Christopher S. Watkins, Ph.D., is director of translational research and industry at the Medical Research Council (MRC) in the United Kingdom. The MRC is the largest public funder of biomedical research in the United Kingdom, with an annual budget of more than £750 million. The MRC supports and advances medical research in three main ways: by providing research grants and career awards to scientists in UK universities and hospitals, by funding research centers in partnership with universities, and through its own research facilities. Dr.
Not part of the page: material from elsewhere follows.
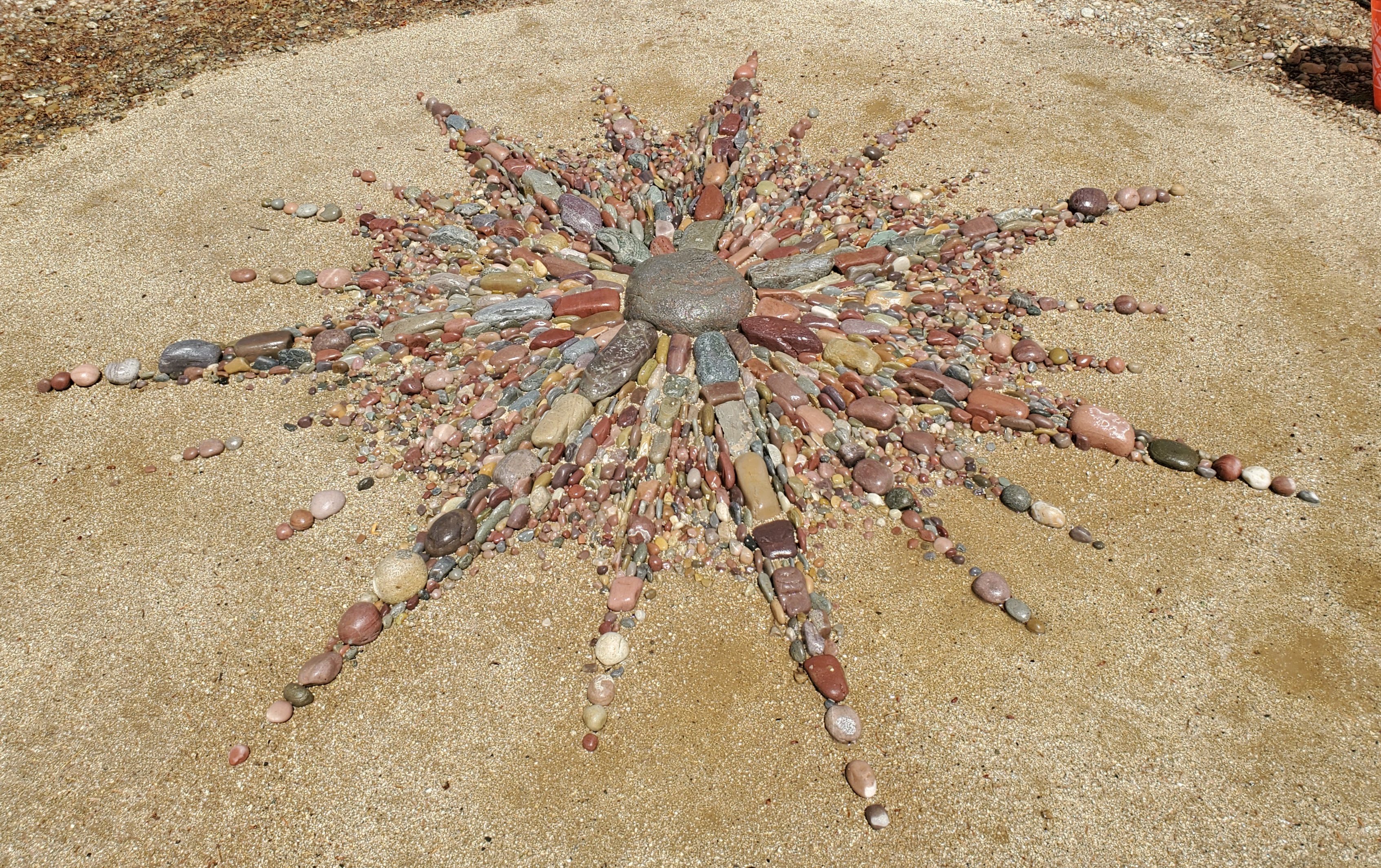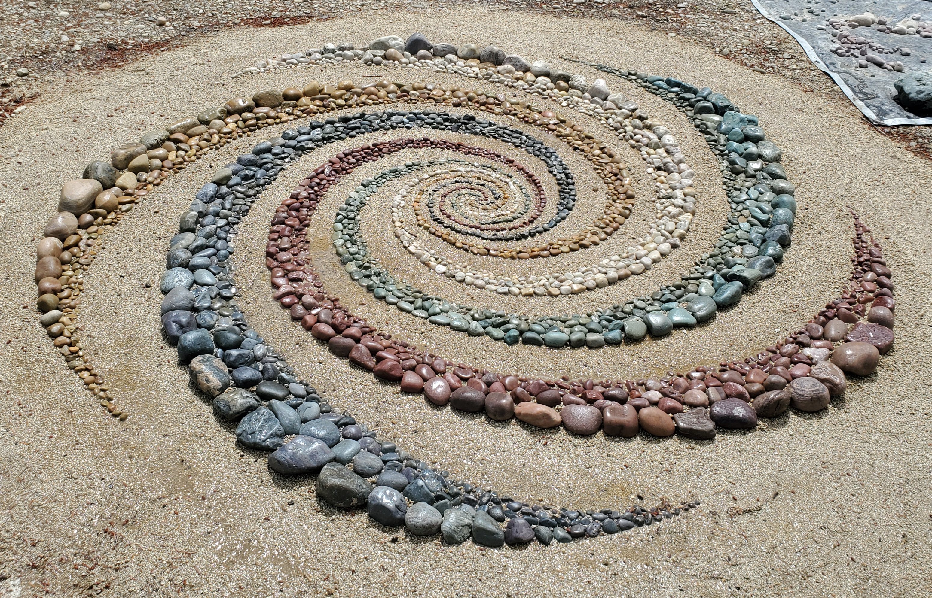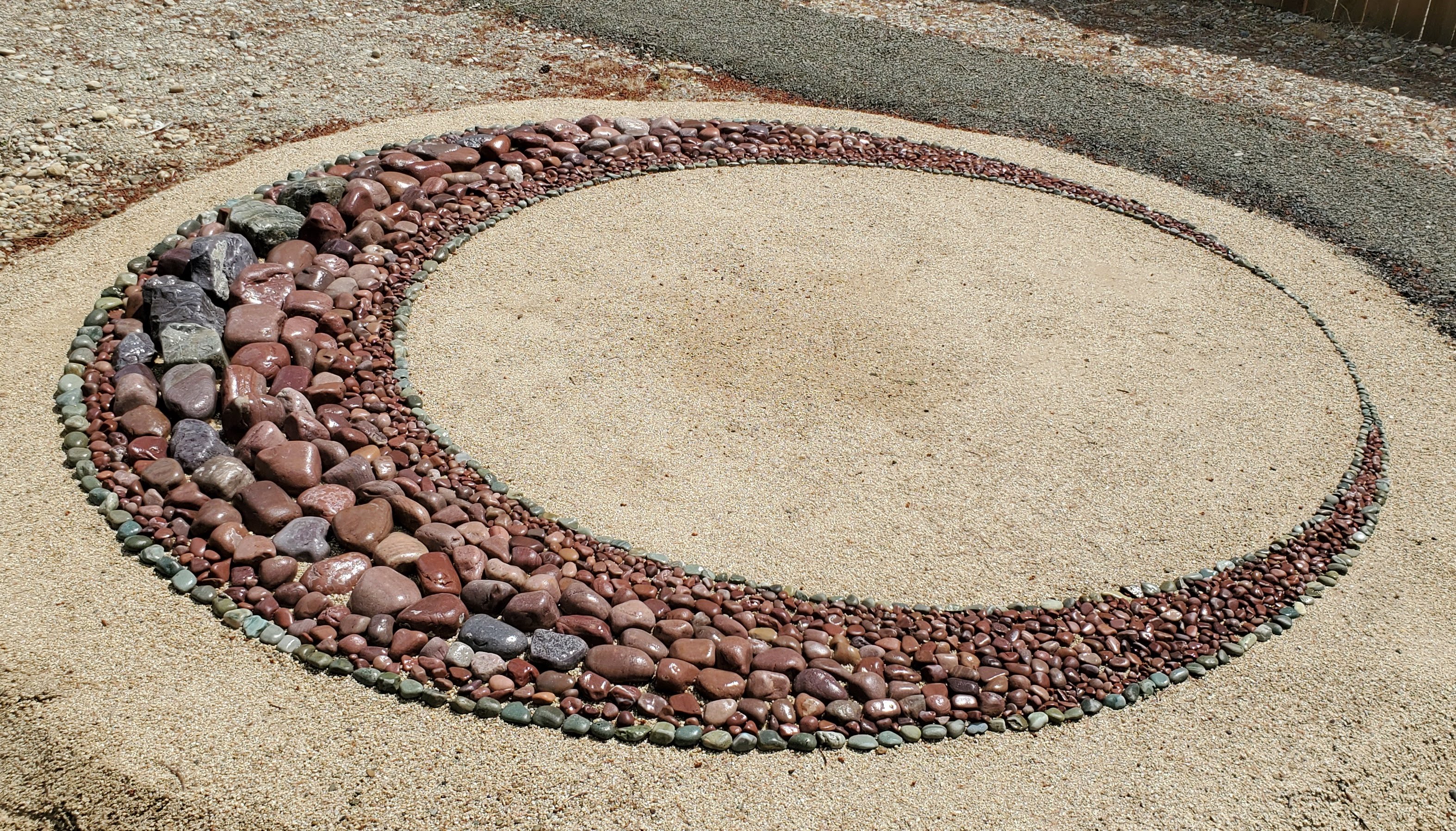 This was a commissioned project to create three 12 foot granite circles with rainbow river rock art pieces. The idea is that a landscape with be planted around them so that you encounter them as you walk through the plants.

Watkins’ role is leading the development and implementation of the MRC’s translational research and industry liaison strategies, which include activities such as the MRC/TSB Biomedical Catalyst, the multiple partner consortia in stratified medicine, and the recent MRC/AstraZeneca compound access initiative. After undergraduate and postgraduate studies at Imperial College, Dr. Watkins undertook postdoctoral research at the Royal Free Hospital, London, and the MRC National Institute for Medical Research. He has been engaged in research administration at the MRC head office since 1999, with previous roles including responsibility for the MRC’s clinical trials portfolio and the MRC’s Health Services and Public Health Research Board, before leading its translational research activities beginning in 2008.